A morir iré con los dones de la vida. Resuelto y manso, inocente, con entera voluntad, con resuelta quietud. Apero no tendré, ni memoria. Seré la memoria ajena, tendré quien cuente conmigo, y nombre mi paso por los días en los que fui hombre y enfermé de fe en el amor que di y en el que me dieron. No hay muerte que duela más que la de la niebla con la que nos recuerden. Uno querría morir sin ruido, desvanecerse como el viento tras mecer la copa de un árbol o la frágil cima de un risco. Morir sin que fatigue ni duela. La muerte es esa piedra que duerme en la garganta, cito un poema, lo recito. Yo entraré en la noche ciega, abrazaré la claridad sin brújula, seré el sueño de alguien, estaré en la vigilia de otros. Sólo muere quien no vive. La luz será la luz y la lluvia, lluvia. Cuando no esté, veré lo que no he visto.  No serán míos los ojos, ni las manos que acaricien en la honda noche serán mis manos, pero alguien las traerá de vuelta, las hará tangibles y delicadas y fuertes de nuevo. No moriré. No existe la muerte.
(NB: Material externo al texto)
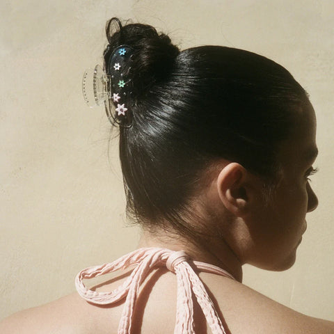 Sweet as can be, this clip is made with beautiful tiny stones and biodegradable acetate. Designed with love and ultra-femininity in mind, our sweetheart hair clip will hold your hair from morning until night. Perfect for a low bun or half-up-half-down look.

Fiebre, insomnio y vértigo es la vida, caudal y esperanza, festín de la sangre al ocupar la opulencia del cuerpo.   Todas las vidas felices se parecen unas a otras, pero cada vida infeliz lo es a su manera. Se puede leer a la reversa. A morir se viene sin discusión ni prórroga. Los días sirven para que se crucen: valles, ciudades, montañas, ríos, océanos. Larkin resolvía la cuestión de la muerte echando mano del médico y del cura vestidos con sus largos abrigos, con prisa, recorriendo los campos. Vendrá la muerte y reconoceré sus ojos, escribió el postrero y suicida Pavese. Se muere uno a velocidad variable, corrijo al bueno y atormentado Quijote. No pediré confesor que eleve mi quebranto ni escribano que cincele mi testamentario aliento. Mientras que el azar o las oscuras leyes del tiempo aplazan mi finiquito, contemplo el fulgor del cielo, trasiego con las palabras que lo festejan, conformo a mi alma y fatigo mi pasajero cuerpo. Ahora acabo de agasajarlo con un chuletón de sublime buey. Sabrán disculpar esta debilidad.

No hay comentarios:

De un fulgor sublime

Pesar  la lluvia, su resurrección  de agua, es oficio es de poetas. Un poeta manuscribe versos hasta que él entero es poesía y cancela la co...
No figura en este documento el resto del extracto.